The findings revealed that DC/T, a measure of subordination, showed no relationship with MTLD or CW age-of-acquisition scores. This absence of a relationship suggests that, in the context of L2 beginning-level learners’ argumentative writing, subordination, which reflects clause-level complexity, is not associated with lexical complexity. On the other hand, DC/T demonstrated a non-linear relationship with bigram MI scores. Among L2 beginning-level learners, using more strongly associated bigrams was associated with greater subordination, but beyond a certain point, this relationship reached a plateau. It is possible that employing more strongly associated bigrams may facilitate increased subordination up to a certain threshold. However, the precise mechanisms underlying this finding are beyond the scope of our study, and further research is warranted. In any case, this study contributes to our understanding by highlighting a supportive relationship between phraseological sophistication and subordination in the argumentative writing of L2 beginning-level learners.

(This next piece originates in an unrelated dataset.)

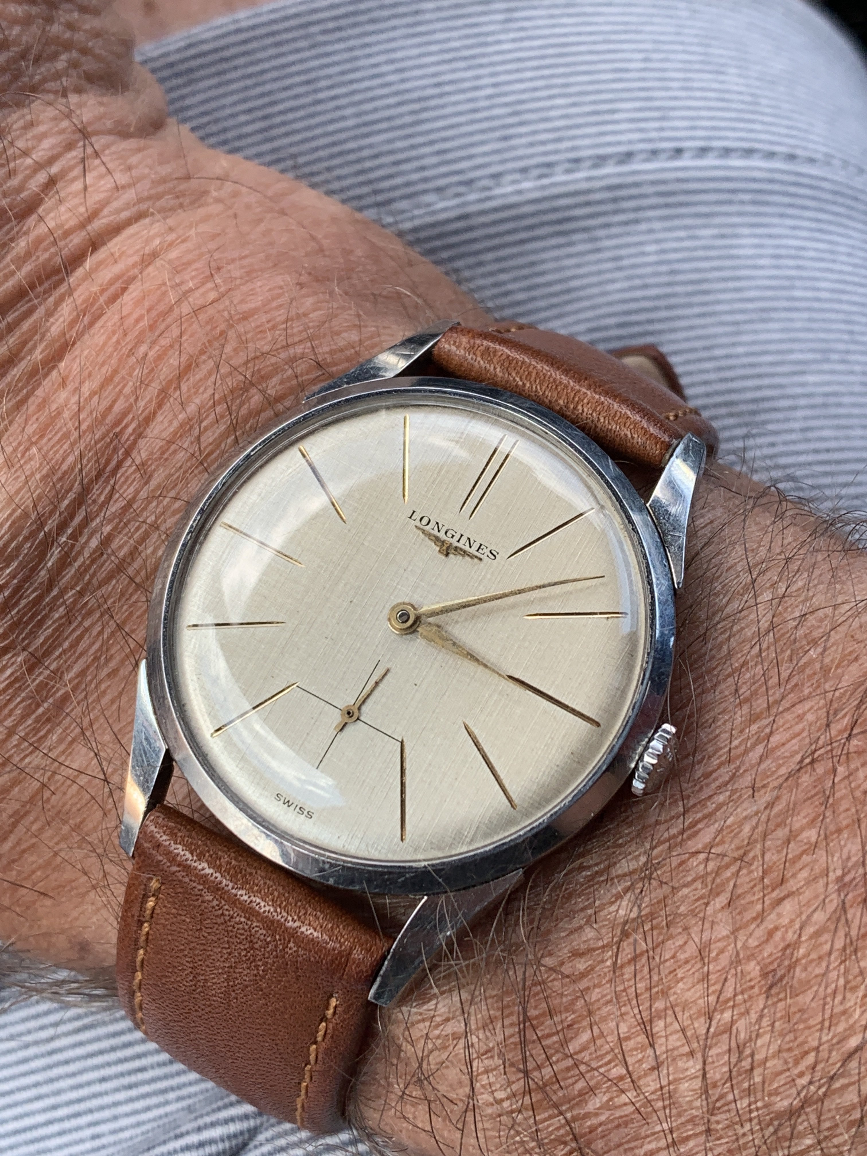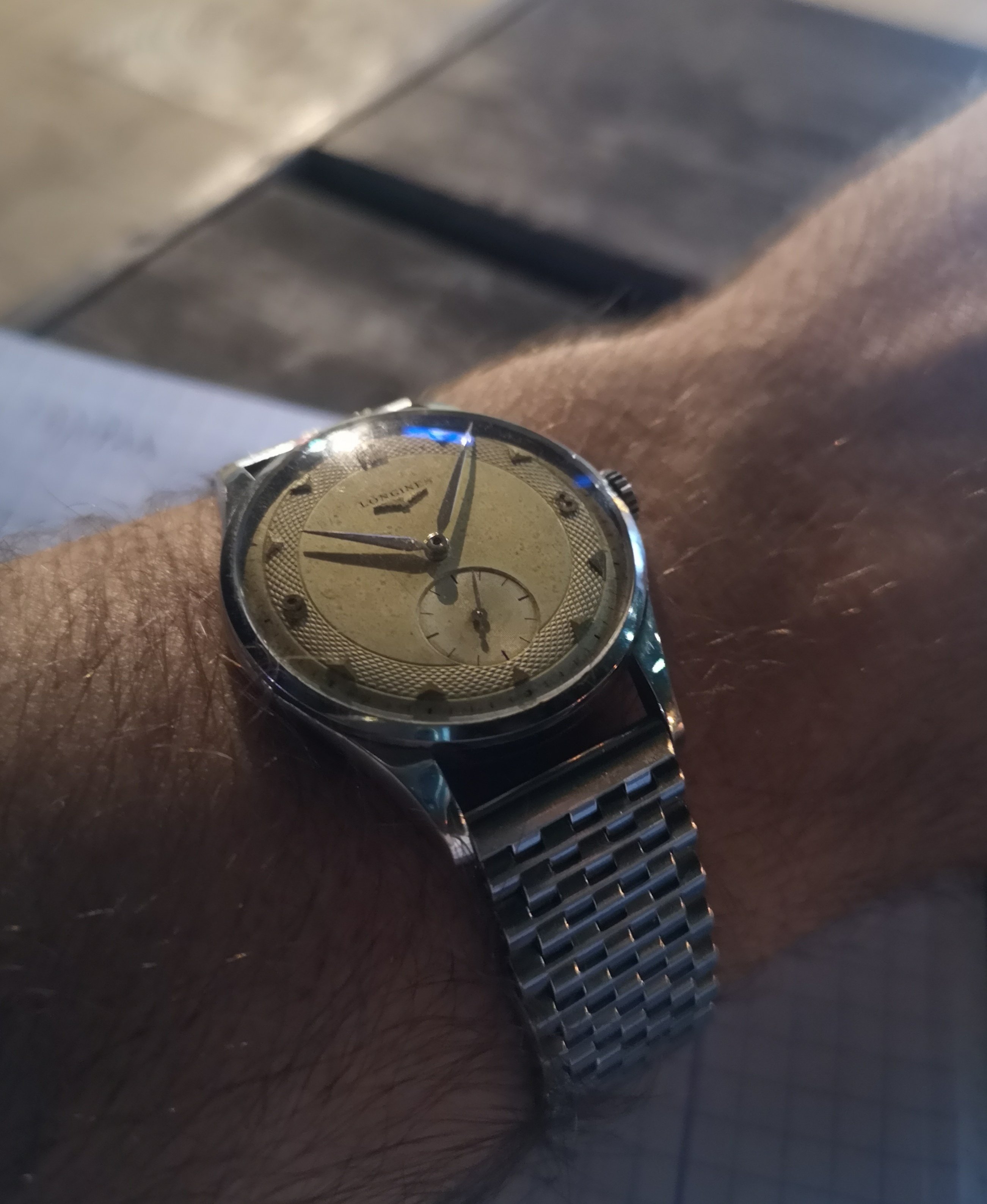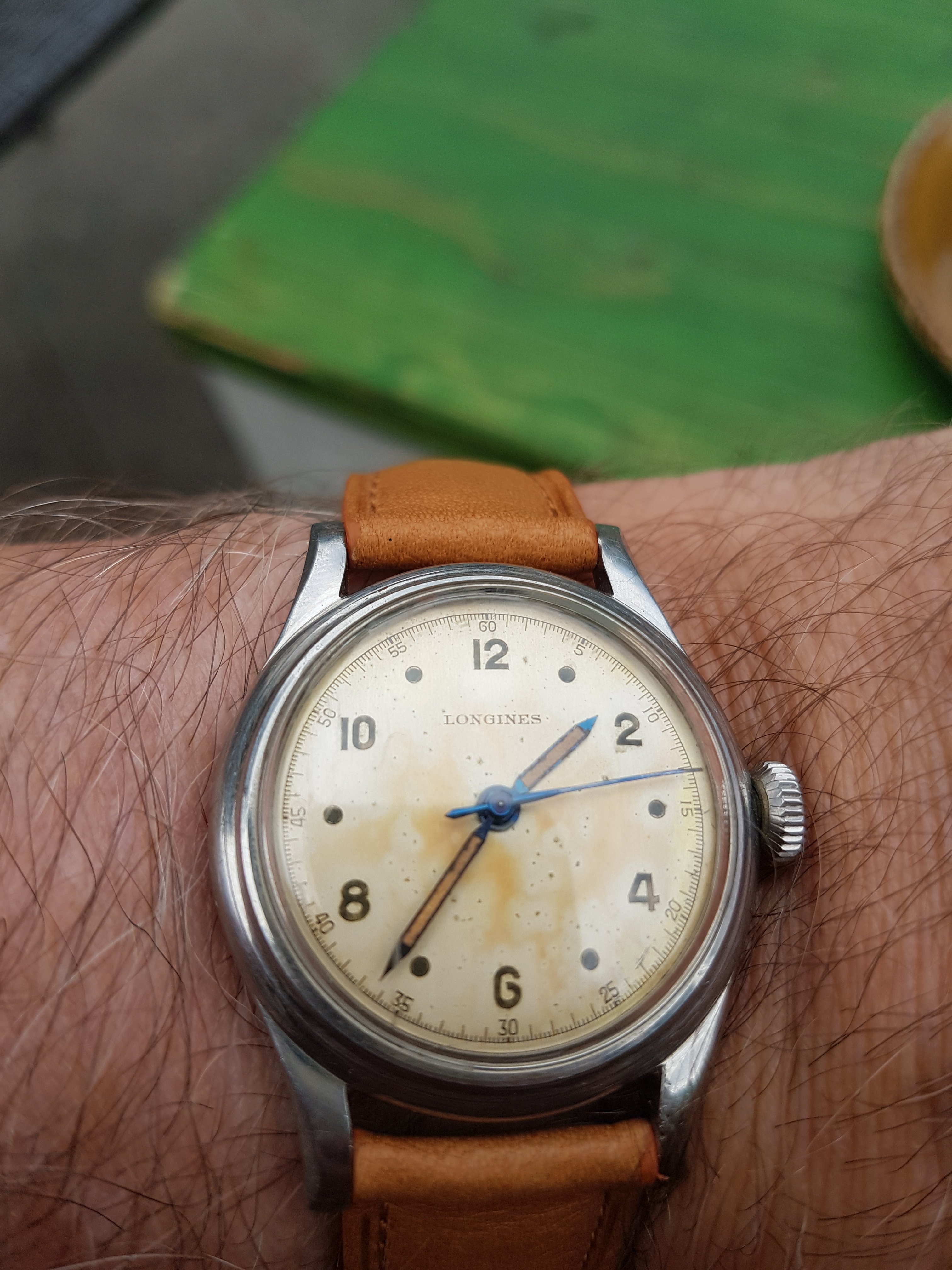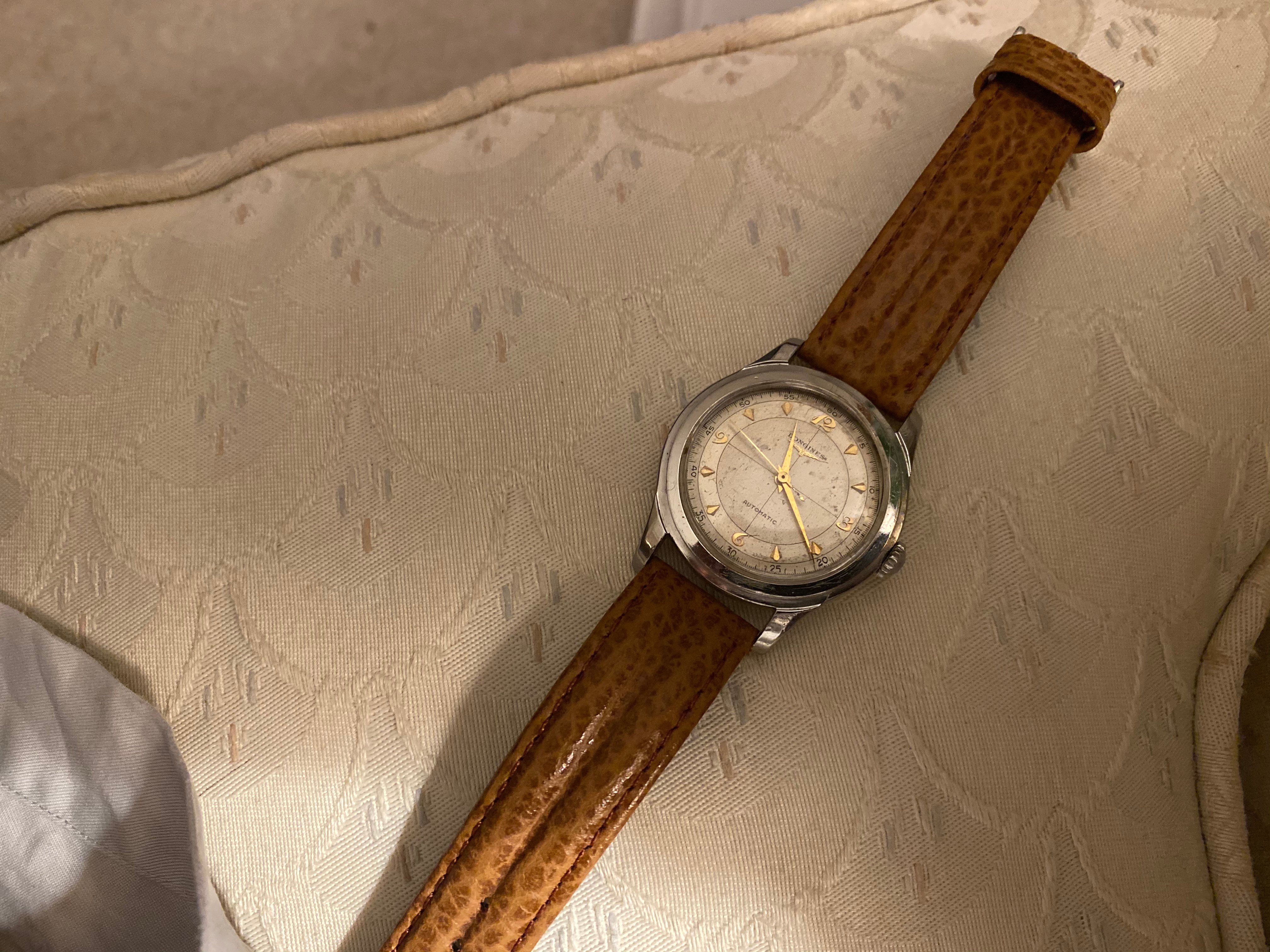 ·My grandfather passed away in 1978, his watch has just surfaced from my father's second wife and is now in my small collection. Quite tatty as can be seen but I like it as it appears to be all original, 12.68zs movement dates to 1950 that has suffered a little water ingress, Dennison 13322 stainless steel case which I like very much as I have a very early SmithS in the same (plated) case. It will go off for mvt service only when some spare cash appears.

5.3 Relationships between linguistic complexity and writing scores
The third research question aimed to explore the relationship between lexical, phraseological, and syntactic complexity features and holistic writing scores in argumentative writing by EFL beginning-level learners over time. Overall, the results indicated that L2 holistic writing scores exhibited significant associations with CW age-of-acquisition scores, bigram MI scores, CN/T, MLC, and DC/T, but not with MTLD.

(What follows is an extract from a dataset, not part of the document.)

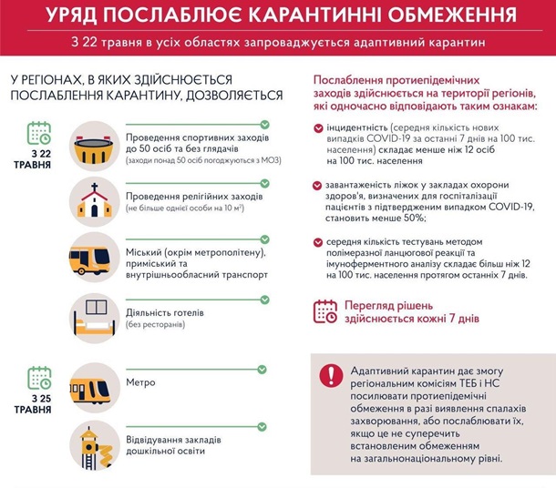"Мы продлеваем карантин до 22 июня и переходим к адаптивной модели. Это позволит региональным комиссиям ТЭБ и ЧС усиливать противоэпидемические ограничения на местах в случае обнаружения вспышек заболевания или ослаблять их, если это не противоречит установленным ограничениям на общенациональном уровне, а эпидемическая ситуация соответствует трем определенным критериям", - написал Шмыгаль.

In terms of lexical complexity, our findings indicate that over time, higher-rated L2 texts tended to incorporate more sophisticated words, but not necessarily a more diverse range of words. This observation concerning lexical sophistication aligns with prior studies that have reported a positive relationship between lexical sophistication and L2 writing scores (e.g. Kim et al. 2018). However, the finding related to lexical diversity presents a perplexing contrast, especially considering that the scoring rubric emphasizes the use of a wide range of vocabulary. Our findings did not support the notion, as suggested in previous research (e.g. Crossley and McNamara 2012), that greater lexical diversity is associated with higher-rated L2 texts. One possible explanation for this divergence could be that, in line with our finding showing no improvement in lexical diversity among L2 beginning-level learners, the limited diversification of their lexical choices may not have had a noticeable impact on the raters’ assessments of their texts.
In the realm of phraseological complexity, the significant association between bigram MI scores and holistic writing scores displayed a non-linear pattern, characterized by an initial increase until reaching a certain point followed by a decrease, forming an omega-shaped relationship. This finding is intriguing, particularly in light of previous research that has established a positive relationship between the utilization of phraseological units with higher MI scores and higher L2 writing scores (e.g. Bestgen and Granger 2014; Paquot 2019). The unexpected negative relationship between MI scores and L2 writing scores, identified in our study after a certain threshold, prompts questions. As L2 beginning-level learners made efforts to use more strongly associated bigrams in their writing, it is conceivable that beyond a certain point, this effort might have introduced a trade-off with other aspects of writing, such as syntactic complexity and idea development. Another possible explanation, more specifically, is that given the negative relationship between bigram MI scores and MLC, it is plausible that as L2 beginning-level learners introduced more strongly associated bigrams into their texts with a certain threshold MI score surpassed, they might have produced shorter clauses. This, in turn, could have negatively impacted raters’ evaluation of their texts. However, verifying these hypotheses would require additional research.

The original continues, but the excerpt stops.